3. Refusing to create an exchange potentially protects a state’s businesses from the law’s employer mandate.Obamacare fines any business with 50 or more employees that does not offer health coverage of sufficient value—as determined by the federal government—$2,000 per employee (exempting the first 30 workers). The employer penalties, however, are triggered by the existence of the law’s subsidies for private health insurance. And as Cannon notes, the text of Obamacare specifically states that those subsidies are only available in states that choose to create their own exchanges. The IRS has issued a rule allowing for subsidies in states that reject the exchanges, but a lawsuit is already under way to challenge it.

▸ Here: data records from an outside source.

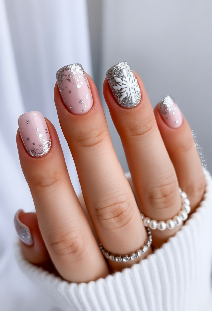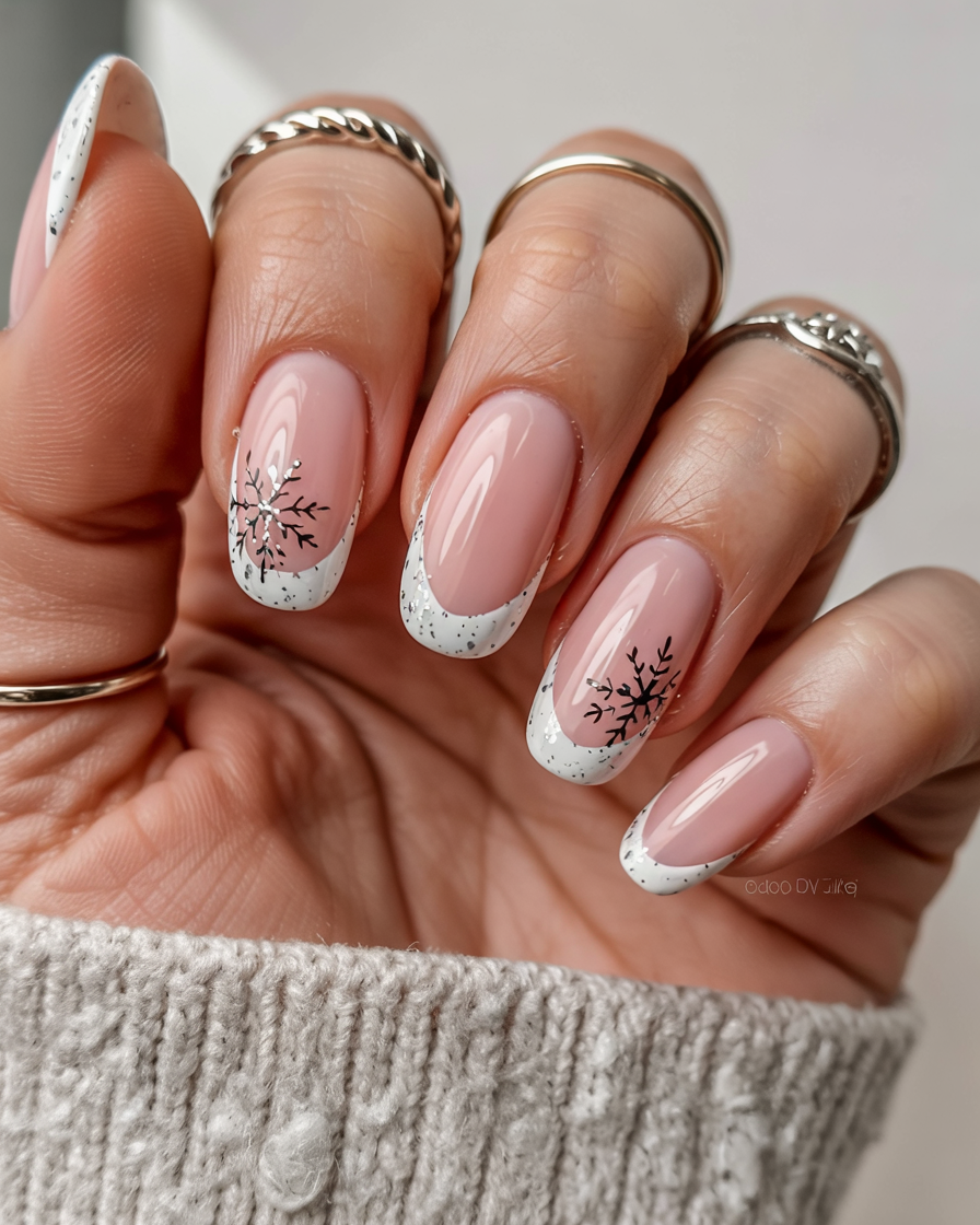 This design is a twist to the traditional French tip. The white tops are faintly sprinkled with silver, like snow-tipped edges, and tiny snowflake accents make it wintry. The outcome is sleek and new, ideal to give a seasonal rejuvenation.
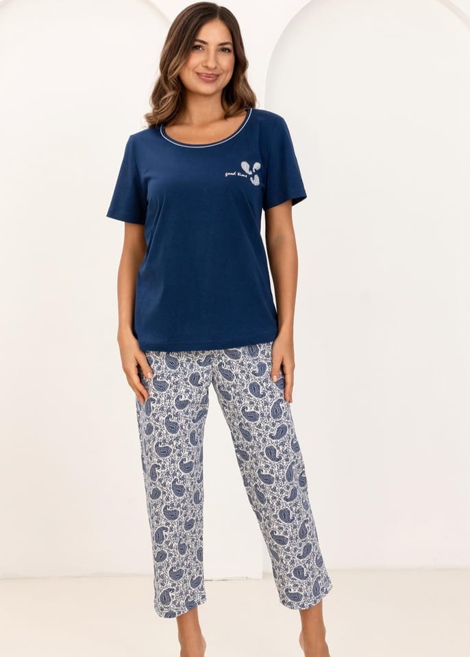 Bawełniana piżama damska o lekko luźnym kroju. Koszulka z krótkim rękawem,półokrągłym dekoltem i ozdobnym nadrukiem w kwiaty. Spodnie wzorzyste, długosci 7/8 z gumką w pasie obszytą bawełną. Skład: 100% bawełna.
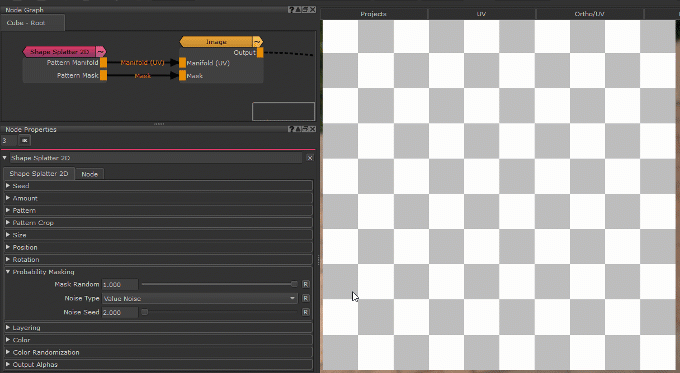 Designed for creating random patterns, Splatter nodes allow Texture Bombing using a procedural shape
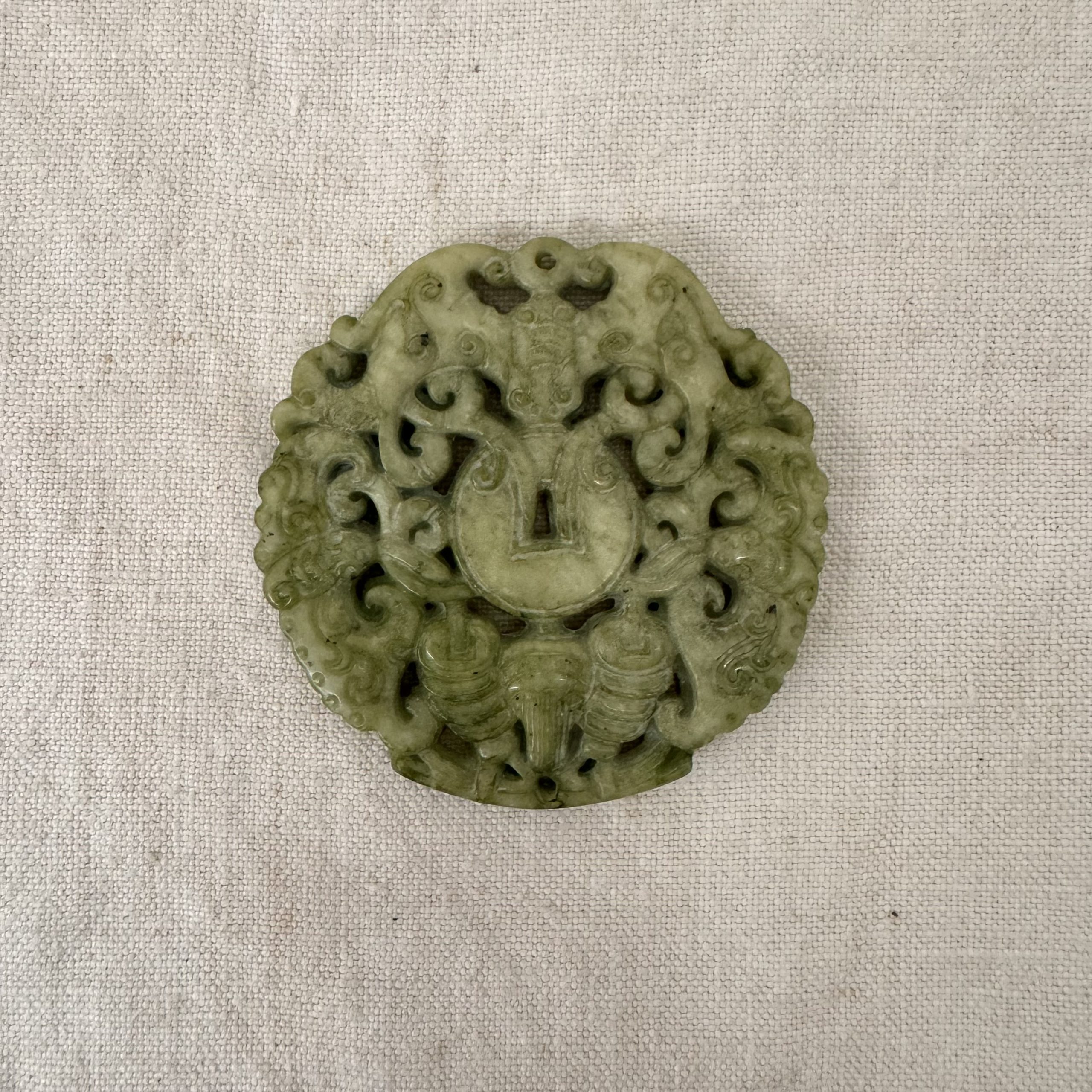 Medaglione in giada color verde chiaro.

4. States also have the power to protect as many as 12 million people from the law’s individual mandate—the “tax” it charges individuals for not carrying health insurance. Obamacare requires that nearly everyone maintain health coverage or pay a penalty—a “tax,” according to the Supreme Court’s decision upholding the law last year. But Obamacare also exempts individuals who would have to pay more than 8 percent of their household income for their share of their health insurance premiums. So if states bow out of the exchanges, and as a result the law’s private insurance subsidies are no longer available, then the mandate will no longer apply to the low and middle income individuals who would have to pay more than 8 percent of their income to get health insurance. Cannon estimates that if all 50 states were to decline to create exchanges, a little more than 12 million low and middle-income individuals would be exempt from the law’s mandate.